Task instructions → Which of the lines below holds the string "with"? Copy every line that does.

Segment Open

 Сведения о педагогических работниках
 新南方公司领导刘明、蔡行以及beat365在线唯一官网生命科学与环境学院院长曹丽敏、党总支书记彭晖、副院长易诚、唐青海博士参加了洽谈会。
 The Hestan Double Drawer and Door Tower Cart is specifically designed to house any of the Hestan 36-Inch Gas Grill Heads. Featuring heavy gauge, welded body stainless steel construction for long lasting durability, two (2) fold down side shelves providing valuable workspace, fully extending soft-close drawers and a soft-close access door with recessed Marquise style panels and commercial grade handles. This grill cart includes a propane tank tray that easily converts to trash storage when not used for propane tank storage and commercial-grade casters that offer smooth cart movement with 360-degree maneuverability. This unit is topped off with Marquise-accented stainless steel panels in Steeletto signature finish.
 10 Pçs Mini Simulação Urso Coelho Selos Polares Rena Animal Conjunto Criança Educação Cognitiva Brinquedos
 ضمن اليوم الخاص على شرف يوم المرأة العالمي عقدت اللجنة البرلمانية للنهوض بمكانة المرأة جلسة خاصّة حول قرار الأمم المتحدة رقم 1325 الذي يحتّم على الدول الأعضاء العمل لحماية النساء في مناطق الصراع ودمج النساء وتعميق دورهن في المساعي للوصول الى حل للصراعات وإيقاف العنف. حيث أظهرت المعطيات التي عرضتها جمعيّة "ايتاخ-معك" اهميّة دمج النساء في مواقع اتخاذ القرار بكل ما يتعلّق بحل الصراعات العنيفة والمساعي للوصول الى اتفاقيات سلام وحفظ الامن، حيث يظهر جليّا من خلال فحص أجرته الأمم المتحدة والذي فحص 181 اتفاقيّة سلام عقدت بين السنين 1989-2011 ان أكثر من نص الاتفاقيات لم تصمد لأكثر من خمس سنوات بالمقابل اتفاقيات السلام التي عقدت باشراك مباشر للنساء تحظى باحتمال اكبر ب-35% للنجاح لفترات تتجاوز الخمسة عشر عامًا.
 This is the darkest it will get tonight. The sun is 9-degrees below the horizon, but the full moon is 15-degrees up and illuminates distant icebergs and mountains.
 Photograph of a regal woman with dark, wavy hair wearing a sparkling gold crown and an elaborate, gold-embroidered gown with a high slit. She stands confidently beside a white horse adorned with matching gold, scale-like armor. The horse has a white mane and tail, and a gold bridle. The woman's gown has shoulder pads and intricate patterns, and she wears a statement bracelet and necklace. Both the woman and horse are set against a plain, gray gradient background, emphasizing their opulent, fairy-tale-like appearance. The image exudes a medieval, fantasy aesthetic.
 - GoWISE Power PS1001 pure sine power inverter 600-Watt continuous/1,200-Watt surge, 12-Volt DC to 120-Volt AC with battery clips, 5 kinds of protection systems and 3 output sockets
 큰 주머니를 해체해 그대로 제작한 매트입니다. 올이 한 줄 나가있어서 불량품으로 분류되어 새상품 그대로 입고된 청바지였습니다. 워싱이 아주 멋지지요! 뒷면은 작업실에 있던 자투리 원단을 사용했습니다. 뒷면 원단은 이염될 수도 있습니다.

Segment Closed

Worked solution →
 The Hestan Double Drawer and Door Tower Cart is specifically designed to house any of the Hestan 36-Inch Gas Grill Heads. Featuring heavy gauge, welded body stainless steel construction for long lasting durability, two (2) fold down side shelves providing valuable workspace, fully extending soft-close drawers and a soft-close access door with recessed Marquise style panels and commercial grade handles. This grill cart includes a propane tank tray that easily converts to trash storage when not used for propane tank storage and commercial-grade casters that offer smooth cart movement with 360-degree maneuverability. This unit is topped off with Marquise-accented stainless steel panels in Steeletto signature finish.
 Photograph of a regal woman with dark, wavy hair wearing a sparkling gold crown and an elaborate, gold-embroidered gown with a high slit. She stands confidently beside a white horse adorned with matching gold, scale-like armor. The horse has a white mane and tail, and a gold bridle. The woman's gown has shoulder pads and intricate patterns, and she wears a statement bracelet and necklace. Both the woman and horse are set against a plain, gray gradient background, emphasizing their opulent, fairy-tale-like appearance. The image exudes a medieval, fantasy aesthetic.
 - GoWISE Power PS1001 pure sine power inverter 600-Watt continuous/1,200-Watt surge, 12-Volt DC to 120-Volt AC with battery clips, 5 kinds of protection systems and 3 output sockets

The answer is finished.